Heather Murdock, 2017 winner
Starting in mid-October of 2016, VOA Middle East Correspondent Heather Murdock spent more than five months documenting the drive by coalition forces to retake the city of Mosul from the Islamic State militants.
This assignment has tested Murdock’s courage, her strength and her journalistic skill, and in each, she has proved one of the most capable war correspondents VOA’s News Center has had in decades.
Unlike many of our commercial colleagues, who could afford security teams, field producers, translators, and fixers, Murdock lived and worked in a conflict zone nearly solo—relying only on her regular fixer Halan Ibrahim Shekha. She did her own camera work, lugged her own gear and found her own sources. In doing so, she produced some of the most heartfelt news coverage of a conflict much of the world seems to be ignoring.
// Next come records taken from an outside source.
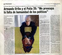 Armando Uribe y el Patio 29: "Me preocupa la falta de humanidad de los políticos" (entrevistas) [artículo] / Guillermo Muñoz. Las Últimas Noticias (Diario : Santiago, Chile)-- abr. 30, 2006, p. 10. .
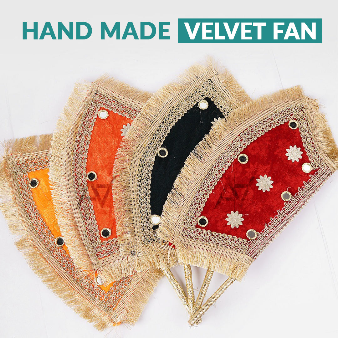 Hand Made Velvet Fan 1 pcs For Mendhi, Maiyu, party Decoration
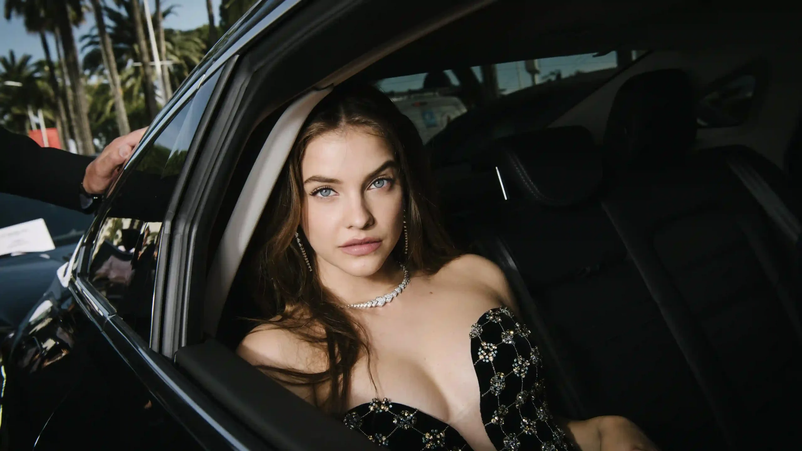 Capture the essence of high-fashion allure with this stunning 4K wallpaper of Barbara Palvin. Seated in the plush interior of a luxury vehicle, she radiates a quiet, commanding elegance. Her gaze is steady and magnetic, complemented by the intricate shimmer of her embellished gown and fine jewelry that catches the soft ambient light.
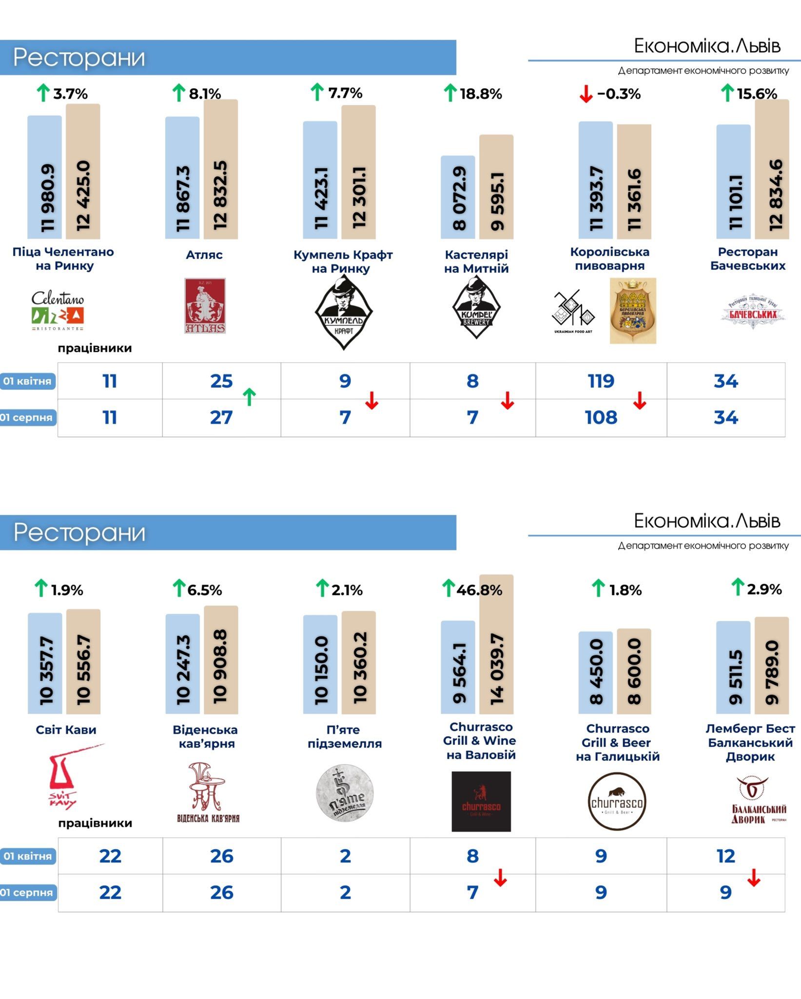 - Ресторація Бачевських – з 11 тис. грн до 12,8 тис. грн на місяць (+15,6%).
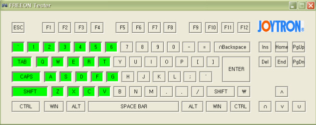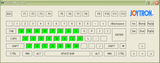 이제 동시입력 부분을 살펴봅니다. 엄밀히 말해 무한동시입력은 아니지만 GP-K8000의 동시입력 능력은 매우 뛰어납니다. 방향키와 조합하여 쓰는 빈도가 높은(오락에서일까요?) 왼쪽의 글쇠들이 충돌없이 동시에 입력 가능합니다.
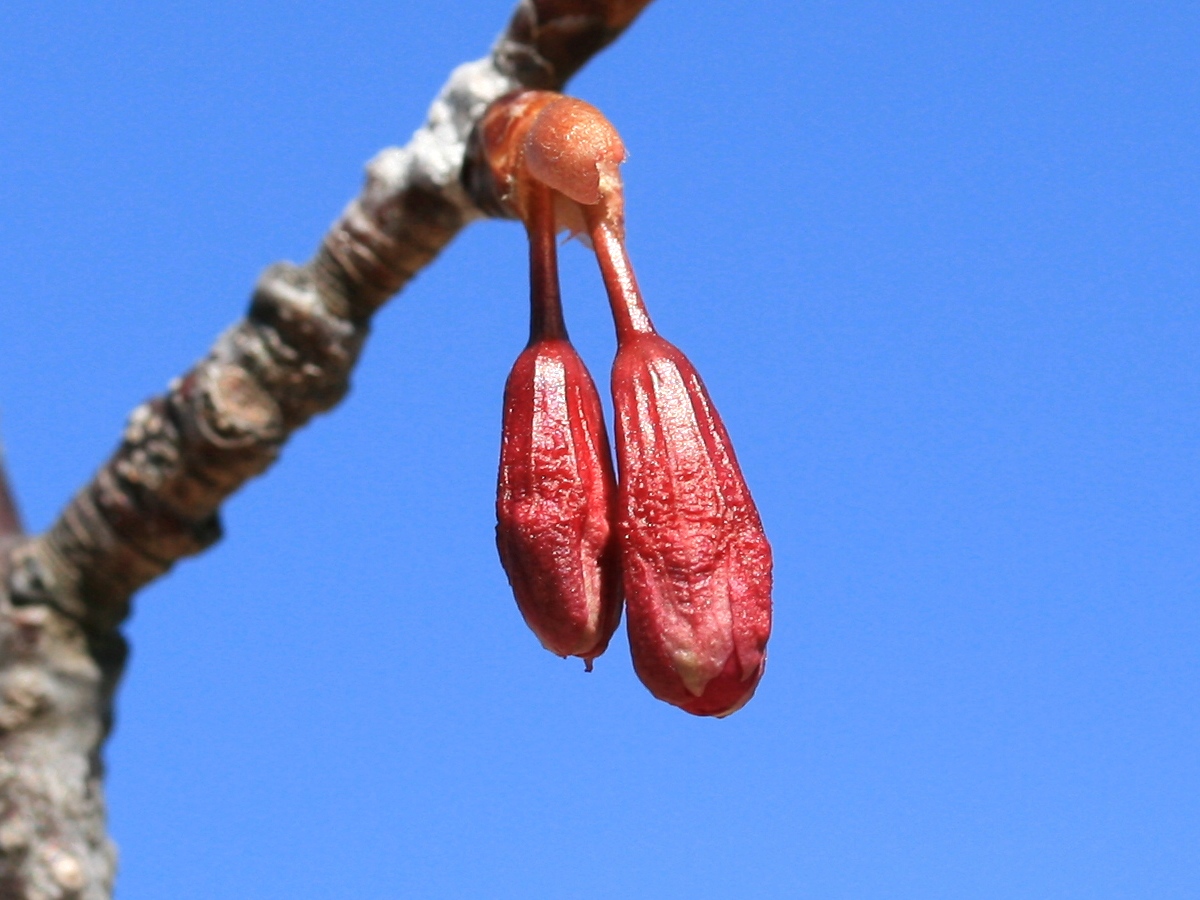 MEMO: 1個の冬芽(花芽)から2~3個のつぼみが出た寒緋桜で、 寒緋桜は萼も濃紅色で、花の色と同じであり、遠くからも目立つ
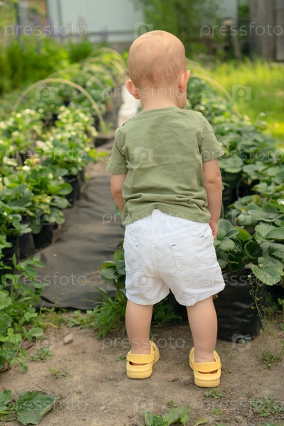 Adventure baby исследует клубниковые растения и вкушает свежие ягоды. радостный момент здорового питания и сенсорных открытий
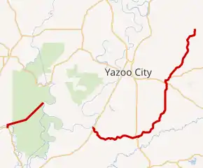 | Yazoo | Satartia | 10.586 | 17.037 | Satartia Road | Southern terminus of eastern segment | ||
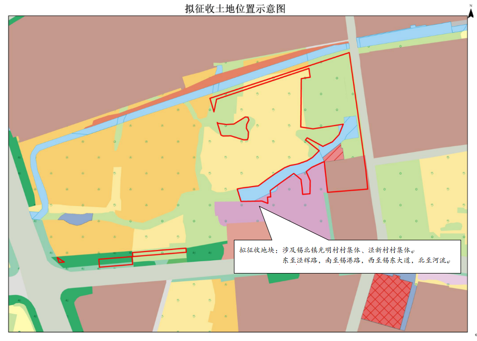 本次擬征收土地位于錫北鎮光明村村集體、涇新村村集體范圍內。擬征收土地位置詳見附圖。
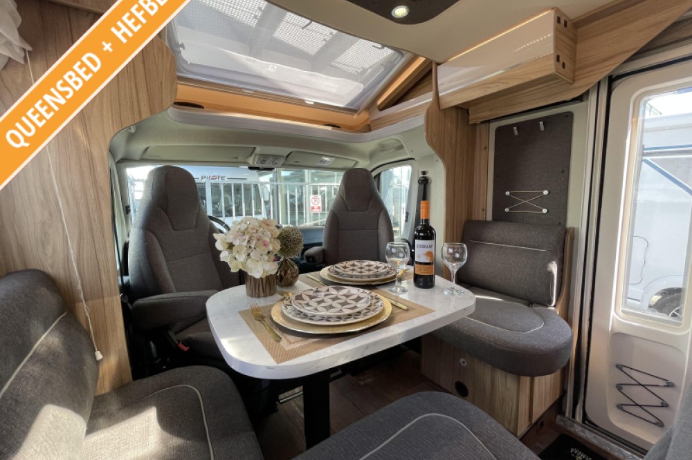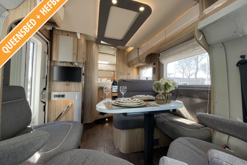 De Dinette is eenvoudig dmv een kleine aanpassing te transformeren in een extra bed (origineel af fabriek tafel met een telescopische poot waardoor u deze eenvoudig kunt laten zakken)
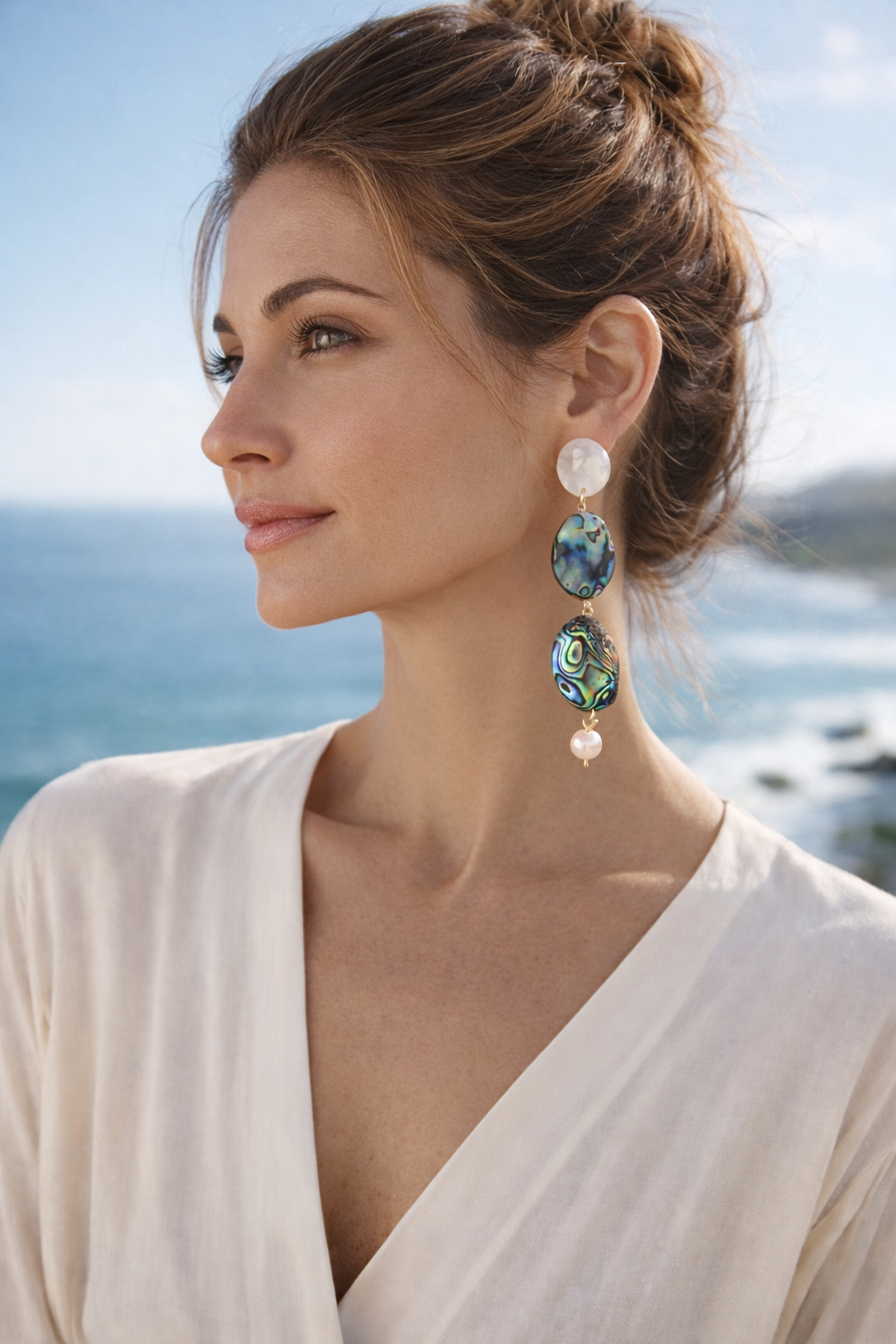 MOTHER-OF PEARL AND OVERSIZED ABALONE DROP EARRINGS. WHITE/ABALONE
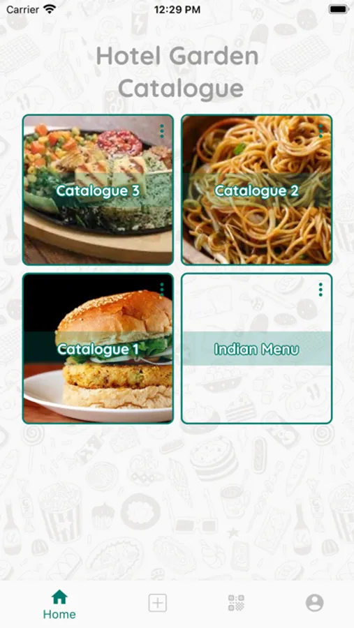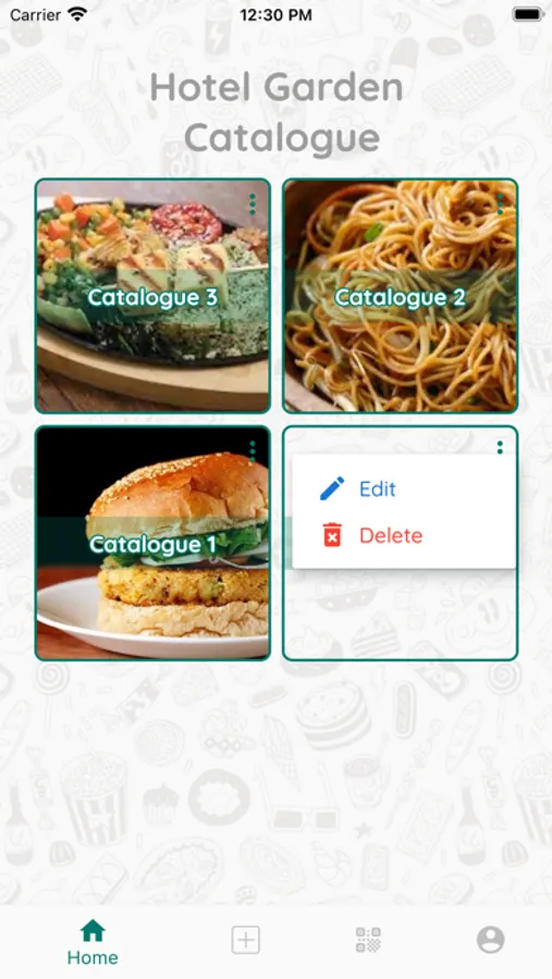 2. On Home(first bottom navigation) tab you can see all your catalogue/menu grid, also can Edit or Delete particular catalogue/menu by just tapping vertical snap button(three vertical dots) on top-right of each catalogue/menu grid item
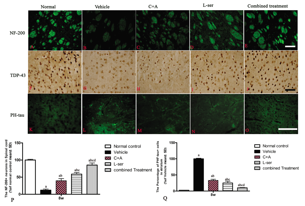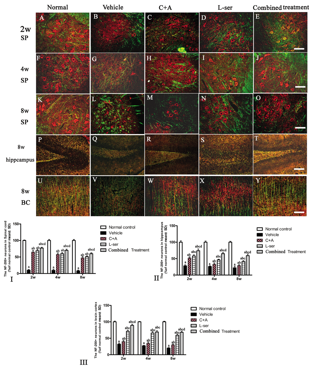 L-BMAA induced neurofilament disintegration and axonal destruction, which were reversed by C16+Ang-1 and L-serine and to an even greater extent by the combined treatment

Through it all, Murdock was tireless. From mid-October to late December, she produced more than 40 web, TV and photo stories. She appeared multiple times on VOA and affiliate radio and TV programs. She never faltered, no matter how grim the story was, and she remained as calm and rock-steady as if she were reporting from her home base in Cairo.
A seasoned reporter
Murdock joined VOA as the Cairo Correspondent in January 2015. But for five years before that, she had been a freelancer working for VOA from such locations as Yemen, Ethiopia and Nigeria. In 2011, Murdock went to Cairo to help cover the Arab Spring uprising with then-correspondent Elizabeth Arrott.
Prior to becoming a freelancer, Murdock was an editor and reporter for the Yemen Times in Sana’a. She began her journalism career at a local TV station in Connecticut, and then with the Valley News in New Hampshire. She earned a degree in journalism and political science at the University of Connecticut.